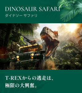 リアルに動く巨大な恐竜たちが生息するエリアを、専用の装甲車に乗って探検するスリル満点のアトラクションです。
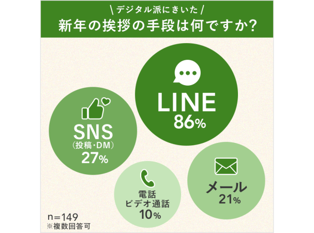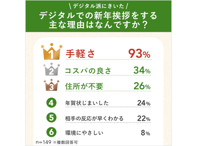 今では多くの人が利用するデジタルツールでの新年の挨拶ですが、やはり「手軽」「コスパがよい」「ペーパーレスでエコ」といった点が大きな魅力となります。
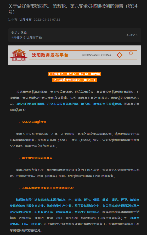 全市及驻沈各级机关、事业单位除承担防疫任务的工作人员外,均居家办公或就地转为志愿者,并向居住地所在社区(村委会)报到,积极参与社区防疫工作和社区服务。
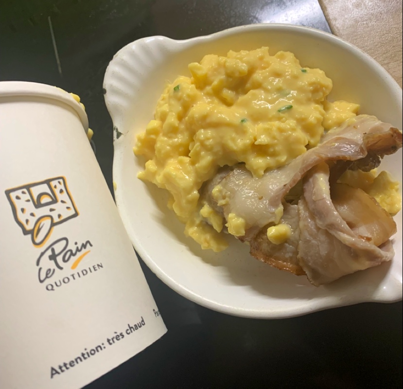 Voici le contenu de ce bol (je ne comprends d’ailleurs pas ce choix de contenant) d’œuf brouillés avec poitrine qui fait 13€. UNE BLAGUE! Arrivé froid de surcroît. (Le “attention très chaud” sur le bol une blague aussi. Pour couronner le tout un pain au chocolat soit disant bio de la veille (froissé et pas frais) en plein samedi matin à 2€30 petit déjeuner raté, argent perdu. 1ere et dernière commande.
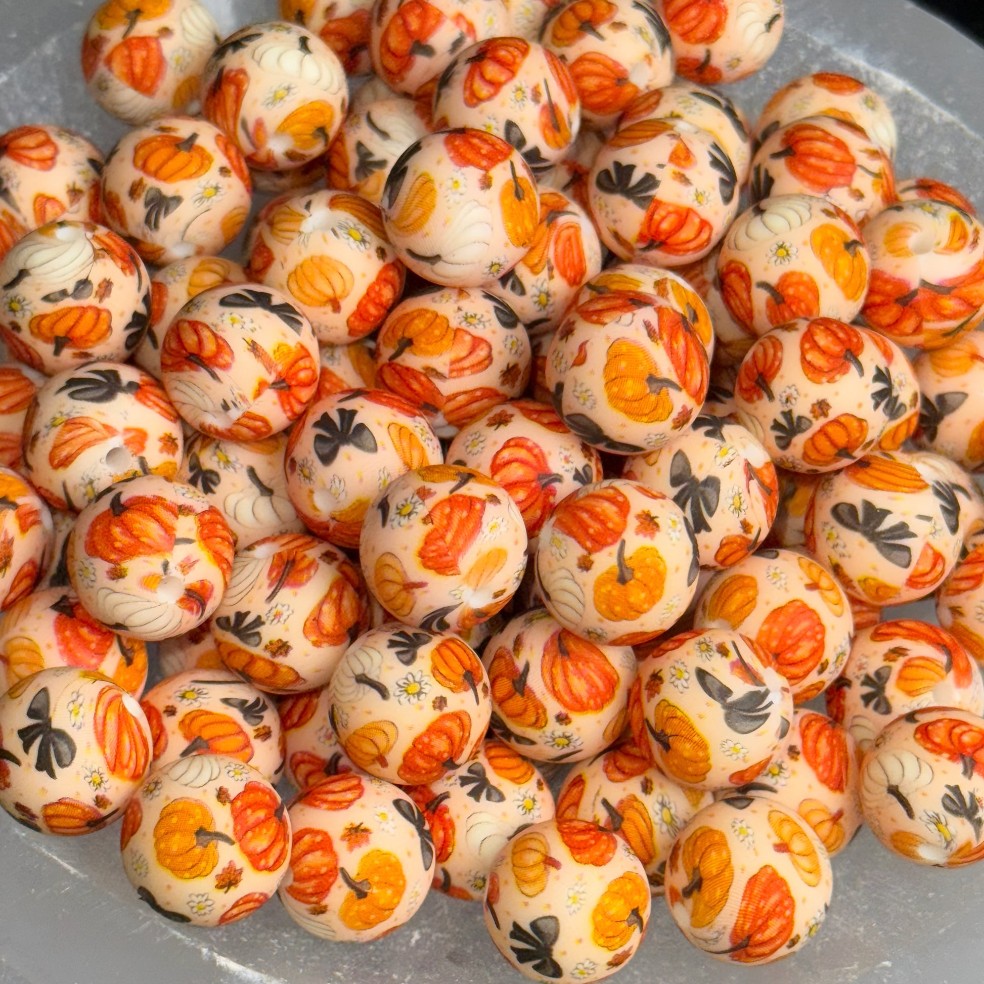 Golden Gourd Garden Silicone 15mm Printed Bead
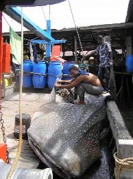 2009年11月10日,雪蘭莪適耕莊漁民捕獲一頭長約20呎,一噸多重的鯨鯊魚(俗稱蛤蟆鯊),引起注目。(圖:大馬星洲日報)
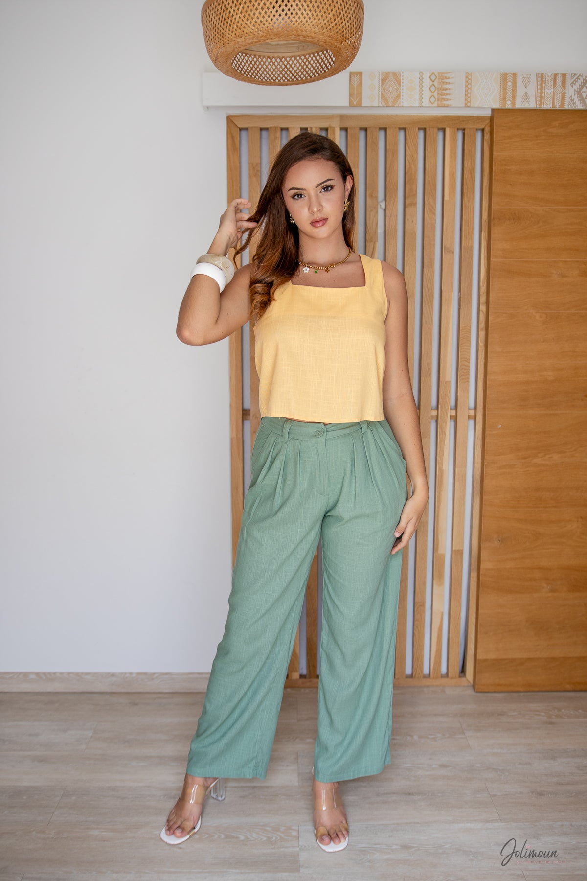 Pantalon Morgane moutarde → pour un camaïeu solaire

------------------------------

= PROBLEM TO SOLVE =
Every line from the top of the records above to the line with "全市及驻沈各级机关、事业单位", inclusive, should be duplicated exactly, minus the pictures.

= WRITTEN ANSWER =
 リアルに動く巨大な恐竜たちが生息するエリアを、専用の装甲車に乗って探検するスリル満点のアトラクションです。
 今では多くの人が利用するデジタルツールでの新年の挨拶ですが、やはり「手軽」「コスパがよい」「ペーパーレスでエコ」といった点が大きな魅力となります。
 全市及驻沈各级机关、事业单位除承担防疫任务的工作人员外,均居家办公或就地转为志愿者,并向居住地所在社区(村委会)报到,积极参与社区防疫工作和社区服务。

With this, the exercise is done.